Similarly get cakes from mixes containing peat, lignite, petroleum coke and water. The results of determination of sod is Rania component in the briquettes, received after the cavitation treatment of water-carbon mixtures and by known techniques by pressing the carbon mass under pressure, the parameters of the cavitation characteristics of the briquettes are summarized in table. The table shows that the strength of the briquette crush strength after cavitation water-carbon mixture reaches of 16.9 kg/cm2. The briquettes obtained by known techniques by pressing carbon mixture, characterized by the crushing strength of up to 6 kg/cm2. Therefore, the proposed method outperforms well-known (prototype /7/) on the strength of the obtained carbon briquettes. In addition, the proposed method is easier known (prototype), as there are no stage sieving the crushed carbon mixture and pressing. In the absence of the need to use presses, high pressure in the proposed method, it is superior to known economic indicators: energy consumption, cost of the resulting product and other

Literature

1. Prudnikov IN the Production of petroleum bitumen, M.: Chemistry. 1983. 192 C.

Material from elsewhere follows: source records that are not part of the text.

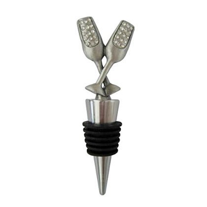 Beautiful pewter finished toasting glasses wine bottle stopper to commemorate your next celebration will fit any size wine bottle or champagne bottle.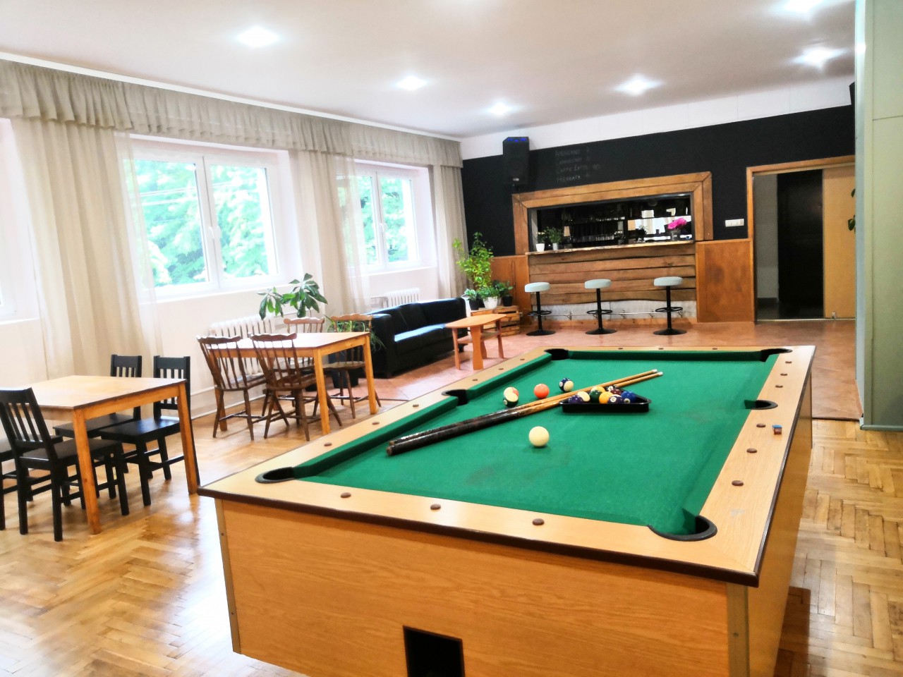 Dysponuje 50 miejscami noclegowymi w pokojach 2, 3, 4-osobowych oraz jednym pokoju studio. Wszystkie pokoje posiadają łazienki i tv, w pokojach są łóżka jednoosobowe. Posiada dużą salę wielofunkcyjną z bilardem oraz piłkarzykami.
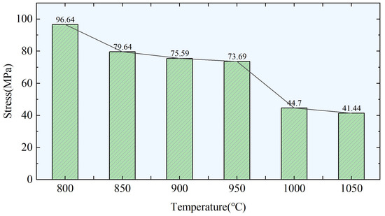 Considering that actual production is a continuous cooling process, the continuous process can be considered as a finite number of isothermal processes. The average diameter of the precipitated phases at each temperature ranges from 7.5 nm to 16.5 nm. Therefore, taking the average value of 10 nm and substituting it into the theoretical model of the strengthening effect of precipitation, the final strengthening effect is shown in Figure 11. The contribution of precipitated austenite in Sample #1 to the deformation resistance is approximately tens of megapascals, and as the temperature decreases, the strengthening effect increases. It reaches approximately 40 MPa above 1000 °C and can reach 96.6 MPa at 800 °C. By incorporating the establishment of a temperature field, the deformation resistance of microalloyed steel can be obtained at different temperatures and positions. This can be further applied to an FEM model to determine variations in the strip shape.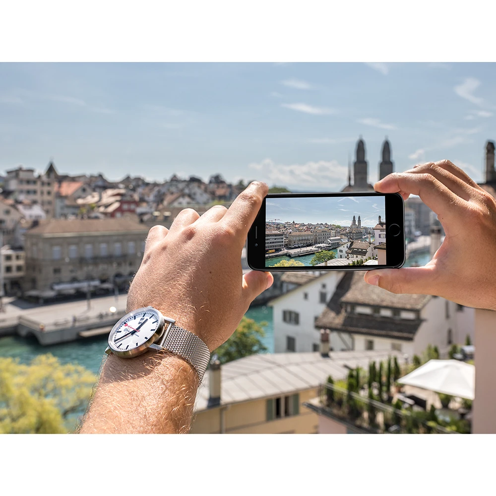 This Mondaine watch has a case made of stainless steel with a diameter of 40 mm and is fitted with a metal band. Inside the case lies a Ronda movement and the watch features a Sapphire crystal.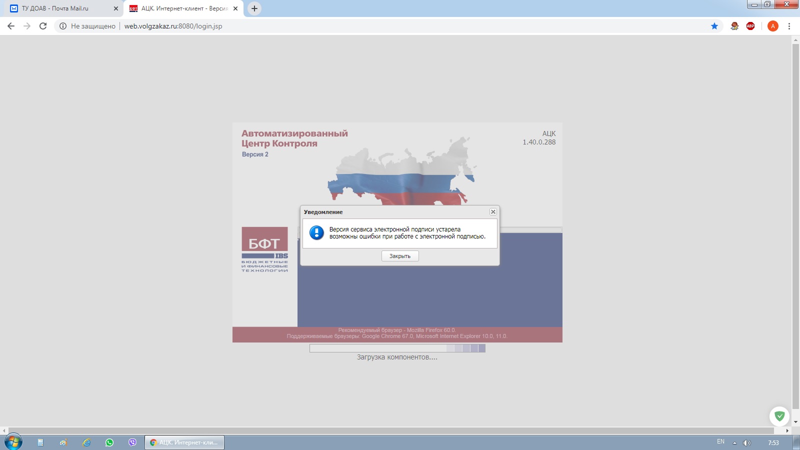 возможны ошибки при работе с электронной подписью." При нажатии на кнопку "Закрыть" АЦК не загружается, не удается осуществить вход.
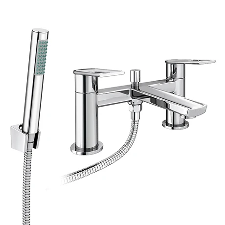 The sleek modern bath shower mixer tap from our Valencia collection will transform your bathroom with it’s clean lines and distinctive contemporary lever handle design. It’s sturdy brass body and chrome finish ensure a cutting-edge aesthetic and impressive durability. It’s modern design will bring a touch of sophistication to your bathroom. Includes a shower kit consisting of a round hand held shower head, wall bracket and flexible hose.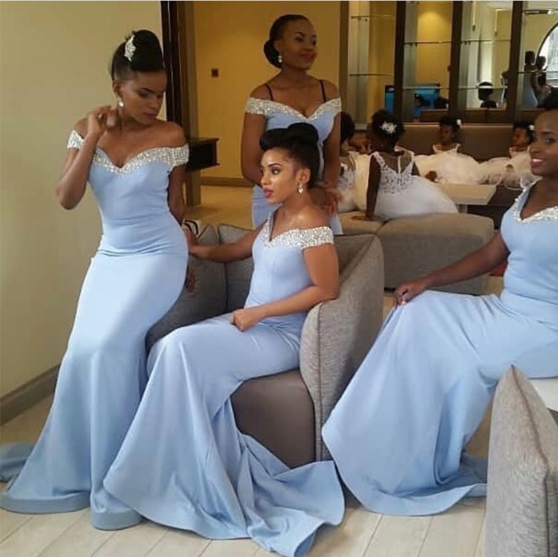 Sky Blue African Bridesmaid Dresses Off Shoulder Long Mermaid Robe De Soiree Sequins Neckline Women Wedding Party Dresses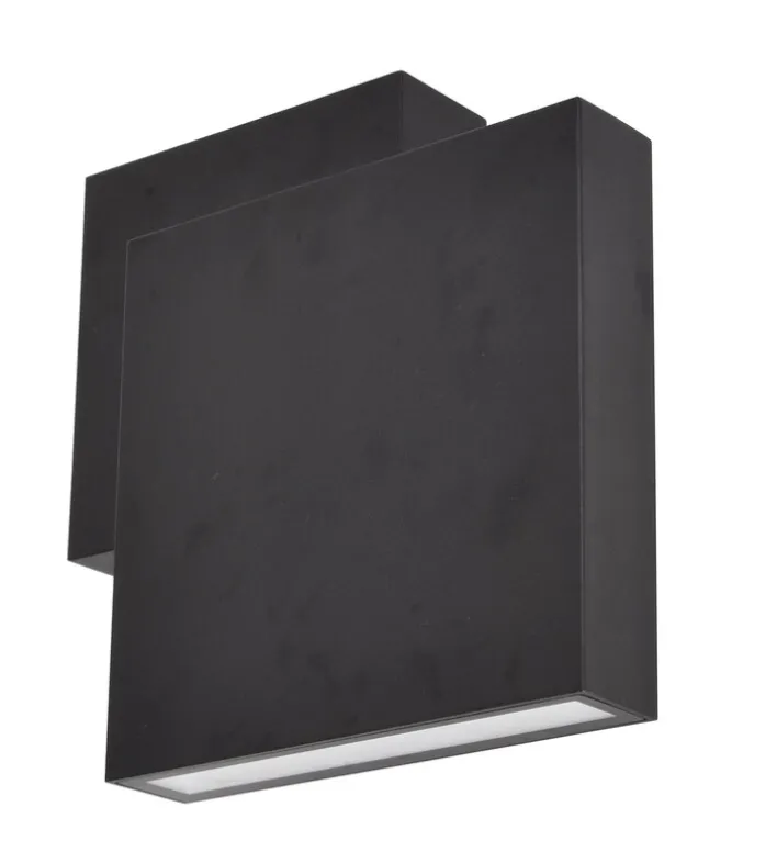 Die ECO-LIGHT LED Außenwandleuchte RIALTO ist 19,5 cm breit, 19,5 cm hoch und 6,4 cm tief. Sie ist aus schwarzem Aluminiumguß und für den Außenbereich durch die Schutzklasse zertifiziert.

2. Baked astray freight Durability of bitumen and bituminaria coatings. M.: Stroiizdat. 1981. 123 S.

3. Rudensky IM, ALEXANDER Rudensky Organic binders for road construction. M: Transport. 1984. 229 C.

4. Dol is the ATA L.V. Getting pitches in the schemes of deep oil processing // Chemistry and technology of fuels and oils. 1987. No. 7. P.8-9.

5. He was the A.T. Briquetting of coal with a binder. M.: Nedra. 1972. 216 S.

6. Vasiliev US, Dumanov A.G., Caftan US and other Industrial check the efficiency of the method of partial briquetting of coal charge with binder // coke and chemistry. 1985. No. 6. P.10-14.

7. Belinko MG, Petrovsky E.E. Technology peat production. M: 1968.

8. Grinnin Y.A., Zubrilov A.S., Zubrilov S. p., Afanasiev, S. p. // J. physical chemistry. 1996. So 70, No. 5. S-930.

9. The great Soviet encyclopedia. M: Soviet encyclopedia. 3rd ed. 1973. T. S-113.

The method of obtaining carbon briquettes on the basis of powdered carbon mixture, wherein the carbon mixture is mixed with 30-50 wt.% water is treated in a rotary suction apparatus at a temperature of 15-70°within 5-50 cycles and the number of revolutions of the rotor of the cavitator 3000-12000 per minute, obtained vodopadnoy mixture is poured into special molds, dried in a current of air at 15-100°before the formation of the briquettes, which, if necessary, cooled and used.